If you are in a place where it is Winter or it is cold and rainy, you can still do this exercise. Choose some ingredients and make a delicious stew.
I gave it a try and here’s what come of it…
Ingredients:
- 170 g of pasta (choose your favourite), cooked
- 60 g of raw spinach, roughly chopped
- 200 g of cooked black beans, drained
- 1 small ripe mango, cubbed
- About 5 strawberries, cubbed
- 125 g of peanuts
- Coriander to taste, finely chopped
For the dressing:
- 150 g of water
- 100 g of tahini
- 1.5 tbsp of mustard
- 1.5 tbsp og agave
- 2 tsp garlic paste (optional)
- 2 tsp of lemon juice
- 1/4 tsp of crackd black pepper
Preparation:
Start by boiling the pasta until it is al dente. Once it is cooked to your liking, let it cool down completely. Add a drizzle of olive oil to the pasta to make it loose.

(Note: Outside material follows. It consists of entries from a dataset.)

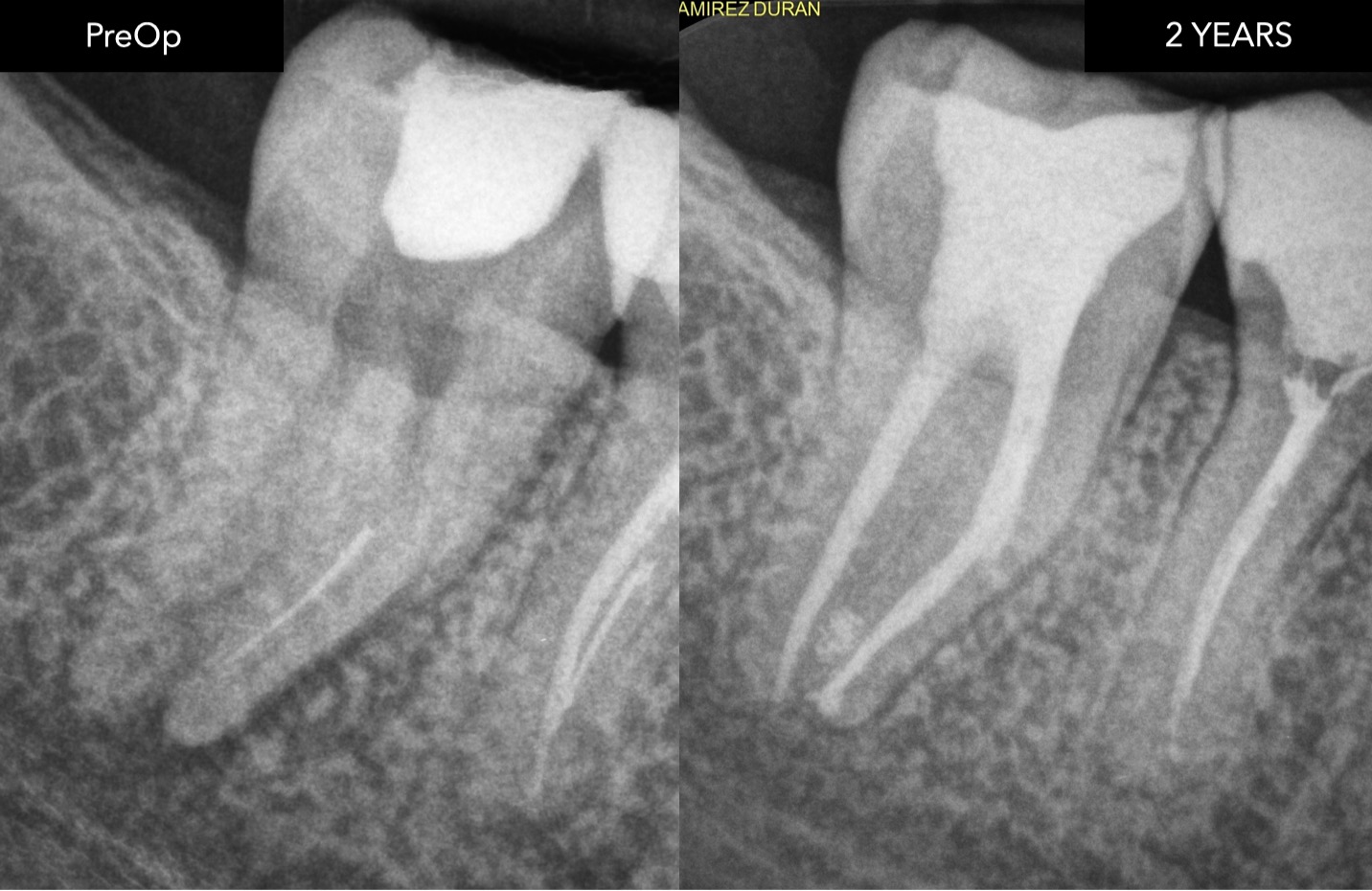 At 2 years, complete radiographic resolution of the lesion is evident, confirming long-term success.
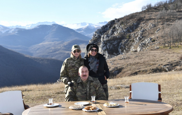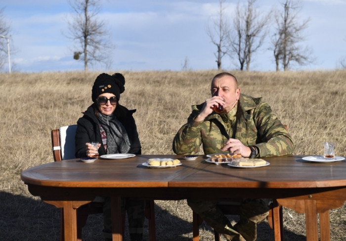 Prezident İlham Əliyev, birinci xanım Mehriban Əliyeva və qızları Leyla Əliyeva Cıdır düzündə çay süfrəsinə qonaq olublar.
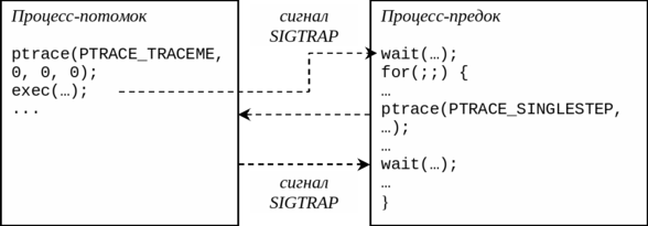 Предназначение процесса-потомка — разрешить трассировку себя. После вызова ptrace(PTRACE_TRACEME, 0, 0, 0) ядро устанавливает для этого процесса бит трассировки. Сразу же после этого можно заместить код процесса-потомка кодом программы, которую необходимо отладить. Отметим, что при выполнении системного вызова exec(), если для данного процесса ранее был установлен бит трассировки, ядро перед передачей управления в новую программу посылает процессу сигнал SIGTRAP. При получении данного сигнала трассируемый процесс приостанавливается, и ядро передает управление процессу-отладчику, выводя его из ожидания в вызове wait().
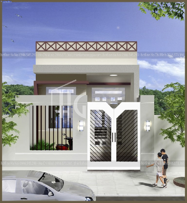 Thiết kế không gian sinh hoạt không có quá nhiều thay đổi so với không phía trên, điểm chú ý ngôi nhà này là gia chủ xây dựng hệ thống cổng rào bao quanh nhà. Tại đây gia chủ vừa để tiểu cảnh cây xanh để mang đến không gian xanh cho ngôi nhà lại vừa có thể để oto, xe máy với hệ thống tường rào chắc chắn bên ngoài. Không gian sân trước này được gia chủ để hở để tạo nên độ thông thoáng, mang đến ánh sáng cho căn nhà. Việc đặt gara trước nhà sẽ tách biệt gara với không gian sinh hoạt phía trong, không ám mùi phương tiện vào không gian sinh hoạt.

Meanwhile, chop and prepare all the ingredients.
For the dressing, add all ingredients to a blender and process until very smooth. If you don’t have a blender, add all ingredients to a jar, and shake it off until it is well combined.
Finally, combine all ingredients in a big bowl and generously dress it with the tahini sauce.
It is ready to be served. If you wish, you can top it with lemon juice for extra freshness.